-- Opening Marker --

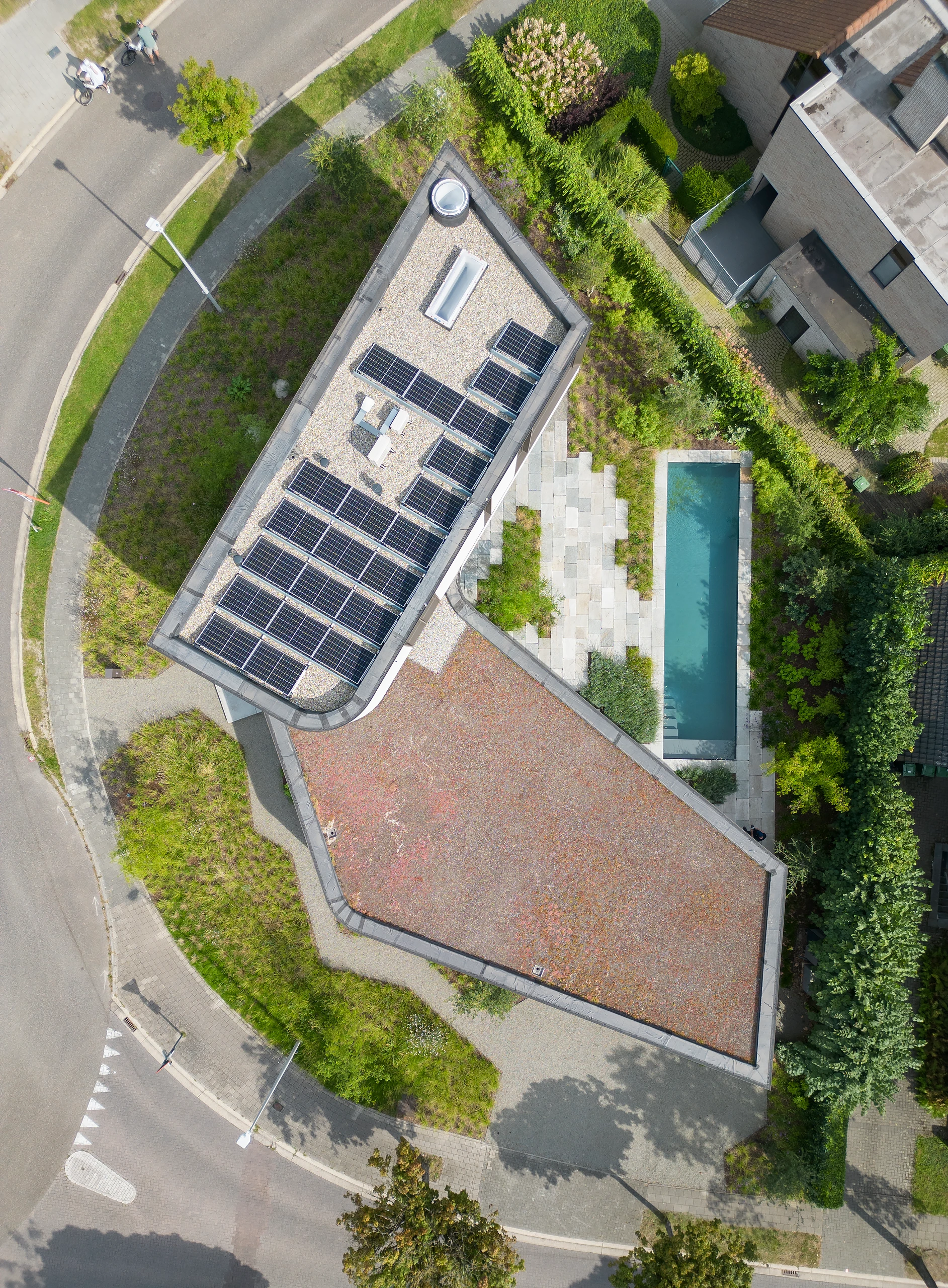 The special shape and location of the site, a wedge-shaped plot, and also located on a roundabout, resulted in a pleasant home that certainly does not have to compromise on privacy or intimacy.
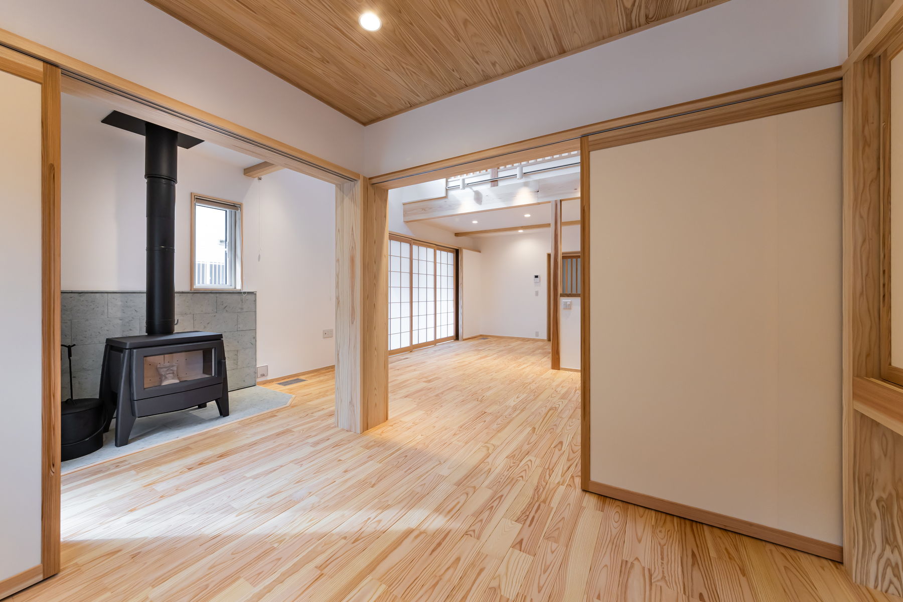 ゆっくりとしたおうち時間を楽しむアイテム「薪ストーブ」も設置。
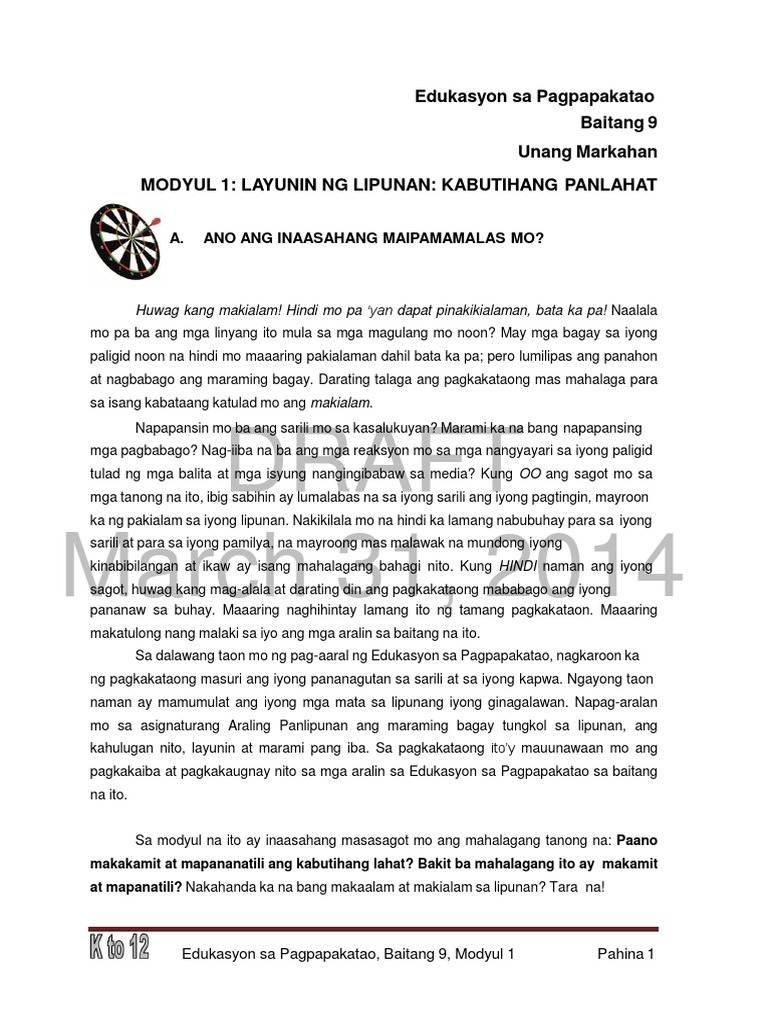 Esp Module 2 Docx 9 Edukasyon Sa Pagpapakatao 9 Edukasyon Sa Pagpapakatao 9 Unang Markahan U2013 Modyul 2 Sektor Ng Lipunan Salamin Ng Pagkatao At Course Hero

-- Closing Marker --
-- Opening Marker --

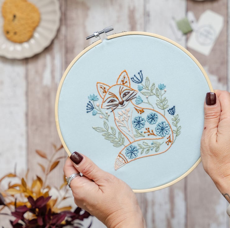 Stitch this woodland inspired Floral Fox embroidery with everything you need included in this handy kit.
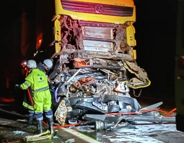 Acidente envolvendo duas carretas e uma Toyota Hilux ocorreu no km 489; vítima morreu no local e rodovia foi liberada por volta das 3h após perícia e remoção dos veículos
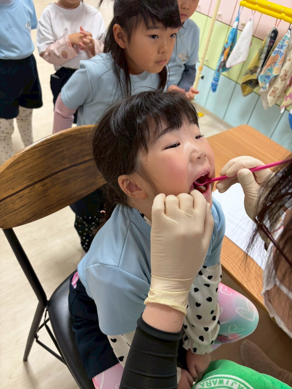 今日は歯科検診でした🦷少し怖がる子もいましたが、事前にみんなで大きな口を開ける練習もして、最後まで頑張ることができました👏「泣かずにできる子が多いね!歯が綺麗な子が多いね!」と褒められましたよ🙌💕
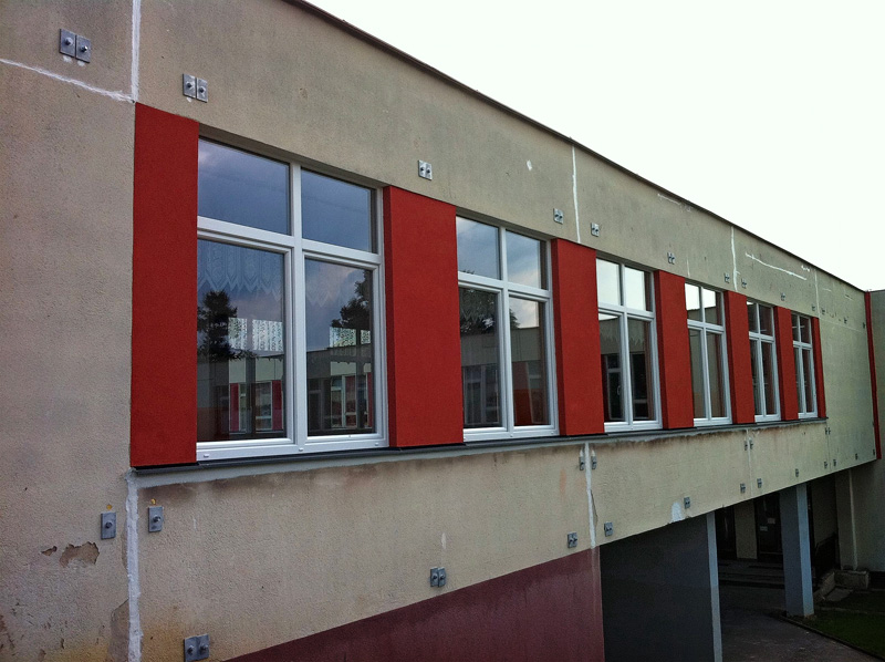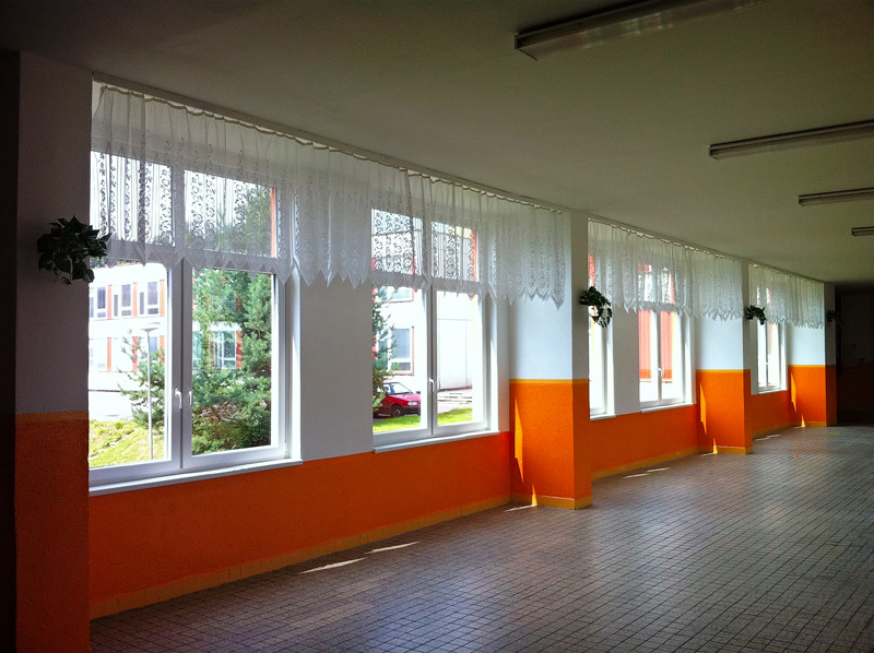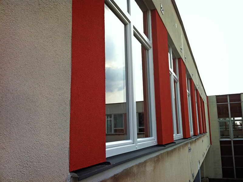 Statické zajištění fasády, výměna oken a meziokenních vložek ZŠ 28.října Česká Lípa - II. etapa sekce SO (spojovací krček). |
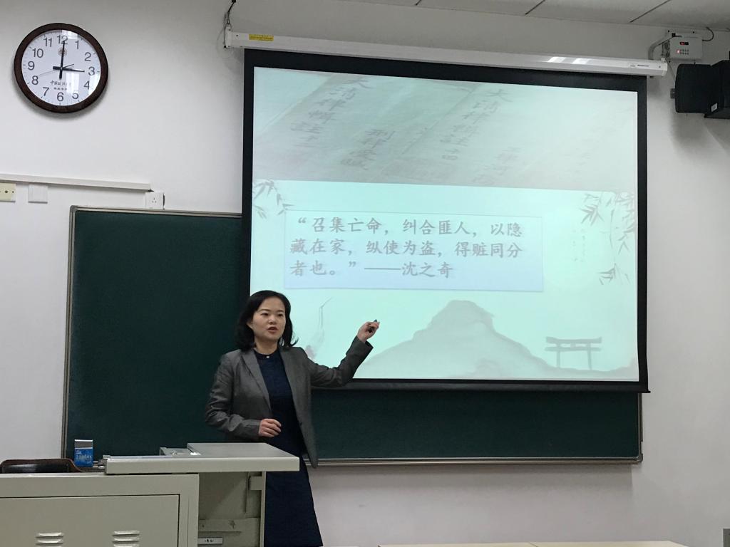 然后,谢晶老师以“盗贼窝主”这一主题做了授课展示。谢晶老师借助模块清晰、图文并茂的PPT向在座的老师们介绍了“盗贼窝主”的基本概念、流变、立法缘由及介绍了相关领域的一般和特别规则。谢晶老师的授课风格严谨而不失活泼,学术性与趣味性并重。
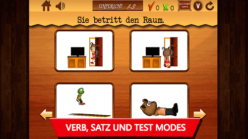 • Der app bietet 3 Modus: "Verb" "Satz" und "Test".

-- Closing Marker --

What you return must match, character for character, the lines above from the one with "Statické zajištění fasády, výměna" through the one with "Der app bietet", minus any pictures.

 Statické zajištění fasády, výměna oken a meziokenních vložek ZŠ 28.října Česká Lípa - II. etapa sekce SO (spojovací krček). |
 然后,谢晶老师以“盗贼窝主”这一主题做了授课展示。谢晶老师借助模块清晰、图文并茂的PPT向在座的老师们介绍了“盗贼窝主”的基本概念、流变、立法缘由及介绍了相关领域的一般和特别规则。谢晶老师的授课风格严谨而不失活泼,学术性与趣味性并重。
 • Der app bietet 3 Modus: "Verb" "Satz" und "Test".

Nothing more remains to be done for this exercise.